REQUIRED ACTION
Copy out the first line of the listing and every line after it, exactly, until you have copied the line containing "TIRADORES: por defecto".
⟨
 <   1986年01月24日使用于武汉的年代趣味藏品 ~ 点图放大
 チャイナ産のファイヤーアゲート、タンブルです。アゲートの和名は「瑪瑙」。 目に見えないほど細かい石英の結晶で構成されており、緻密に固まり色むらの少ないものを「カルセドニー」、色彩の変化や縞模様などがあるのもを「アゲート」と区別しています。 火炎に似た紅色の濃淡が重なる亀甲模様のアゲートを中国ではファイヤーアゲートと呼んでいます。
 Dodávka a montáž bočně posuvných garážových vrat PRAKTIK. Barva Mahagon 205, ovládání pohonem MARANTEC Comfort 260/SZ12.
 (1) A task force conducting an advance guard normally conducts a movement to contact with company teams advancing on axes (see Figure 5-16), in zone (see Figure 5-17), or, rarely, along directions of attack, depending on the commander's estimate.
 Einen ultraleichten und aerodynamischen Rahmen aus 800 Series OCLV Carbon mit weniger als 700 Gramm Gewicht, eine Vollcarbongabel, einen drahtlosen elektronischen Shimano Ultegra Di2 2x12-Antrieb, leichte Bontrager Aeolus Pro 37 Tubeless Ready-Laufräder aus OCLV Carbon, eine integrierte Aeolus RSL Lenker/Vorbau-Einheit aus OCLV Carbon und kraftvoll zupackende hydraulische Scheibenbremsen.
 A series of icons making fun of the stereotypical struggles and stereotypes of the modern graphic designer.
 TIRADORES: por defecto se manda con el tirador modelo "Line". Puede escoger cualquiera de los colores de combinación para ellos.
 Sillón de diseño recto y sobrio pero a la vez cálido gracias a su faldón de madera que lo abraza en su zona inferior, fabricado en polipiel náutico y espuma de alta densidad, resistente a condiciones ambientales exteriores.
⟩
EXERCISE RESPONSE
 <   1986年01月24日使用于武汉的年代趣味藏品 ~ 点图放大
 チャイナ産のファイヤーアゲート、タンブルです。アゲートの和名は「瑪瑙」。 目に見えないほど細かい石英の結晶で構成されており、緻密に固まり色むらの少ないものを「カルセドニー」、色彩の変化や縞模様などがあるのもを「アゲート」と区別しています。 火炎に似た紅色の濃淡が重なる亀甲模様のアゲートを中国ではファイヤーアゲートと呼んでいます。
 Dodávka a montáž bočně posuvných garážových vrat PRAKTIK. Barva Mahagon 205, ovládání pohonem MARANTEC Comfort 260/SZ12.
 (1) A task force conducting an advance guard normally conducts a movement to contact with company teams advancing on axes (see Figure 5-16), in zone (see Figure 5-17), or, rarely, along directions of attack, depending on the commander's estimate.
 Einen ultraleichten und aerodynamischen Rahmen aus 800 Series OCLV Carbon mit weniger als 700 Gramm Gewicht, eine Vollcarbongabel, einen drahtlosen elektronischen Shimano Ultegra Di2 2x12-Antrieb, leichte Bontrager Aeolus Pro 37 Tubeless Ready-Laufräder aus OCLV Carbon, eine integrierte Aeolus RSL Lenker/Vorbau-Einheit aus OCLV Carbon und kraftvoll zupackende hydraulische Scheibenbremsen.
 A series of icons making fun of the stereotypical struggles and stereotypes of the modern graphic designer.
 TIRADORES: por defecto se manda con el tirador modelo "Line". Puede escoger cualquiera de los colores de combinación para ellos.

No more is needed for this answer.